Exercise materials Block Start
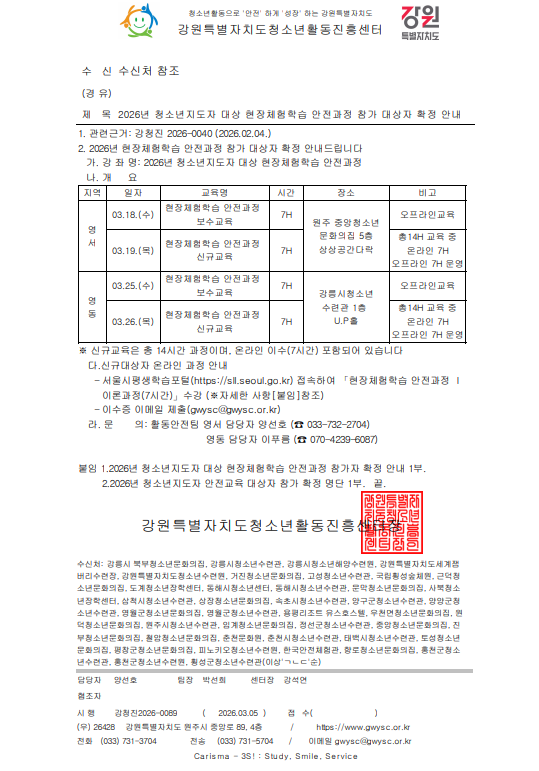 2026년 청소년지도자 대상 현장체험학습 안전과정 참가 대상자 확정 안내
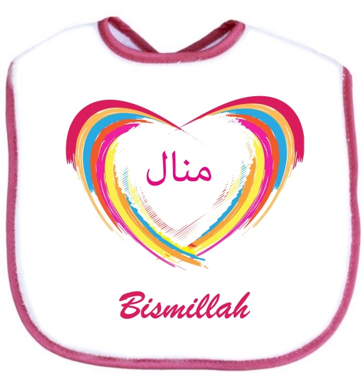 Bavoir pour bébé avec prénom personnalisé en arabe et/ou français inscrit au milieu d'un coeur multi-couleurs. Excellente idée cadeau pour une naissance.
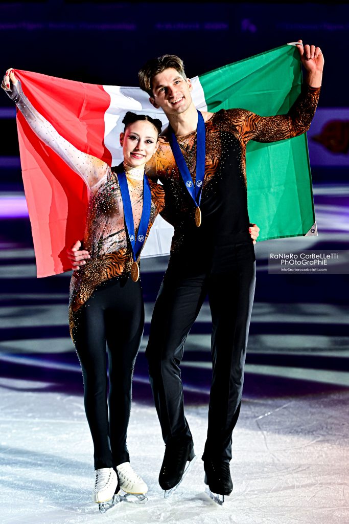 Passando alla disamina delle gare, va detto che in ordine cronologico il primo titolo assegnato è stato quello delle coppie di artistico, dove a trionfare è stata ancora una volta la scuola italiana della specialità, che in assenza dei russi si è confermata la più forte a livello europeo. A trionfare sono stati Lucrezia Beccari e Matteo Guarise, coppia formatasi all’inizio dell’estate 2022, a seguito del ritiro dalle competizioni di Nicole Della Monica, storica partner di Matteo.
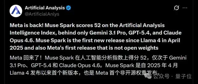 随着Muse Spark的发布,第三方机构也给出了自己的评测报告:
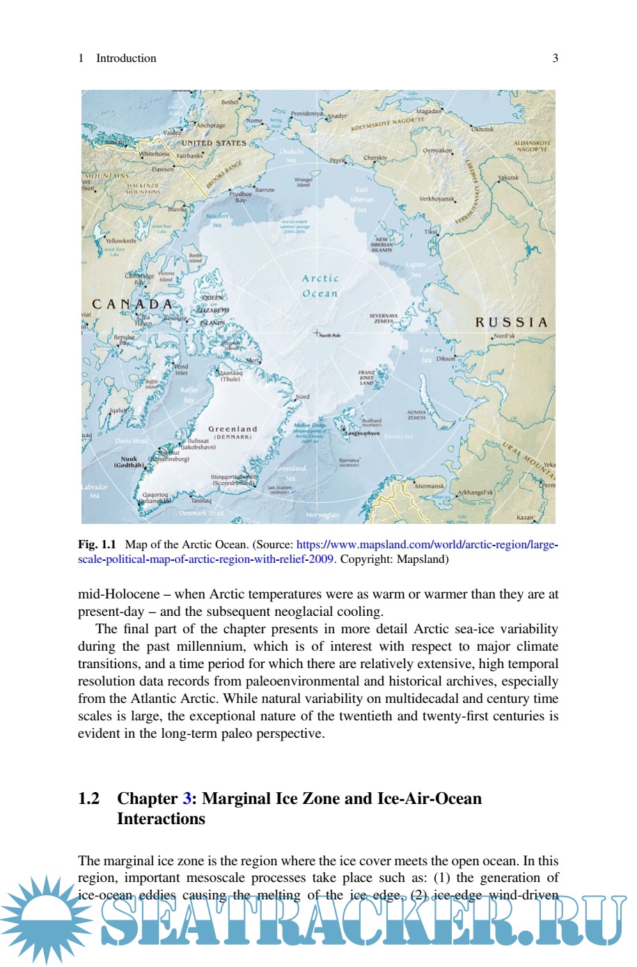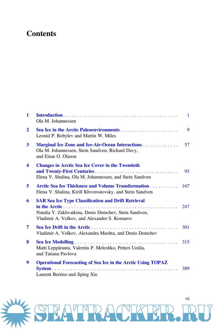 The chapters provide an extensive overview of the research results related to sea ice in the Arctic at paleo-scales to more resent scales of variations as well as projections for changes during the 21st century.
Exercise materials Block End
What the task asks
Print the lines from the beginning of the records up to and including the line containing "Bavoir pour bébé", word for word, with no pictures.

Task solution
 2026년 청소년지도자 대상 현장체험학습 안전과정 참가 대상자 확정 안내
 Bavoir pour bébé avec prénom personnalisé en arabe et/ou français inscrit au milieu d'un coeur multi-couleurs. Excellente idée cadeau pour une naissance.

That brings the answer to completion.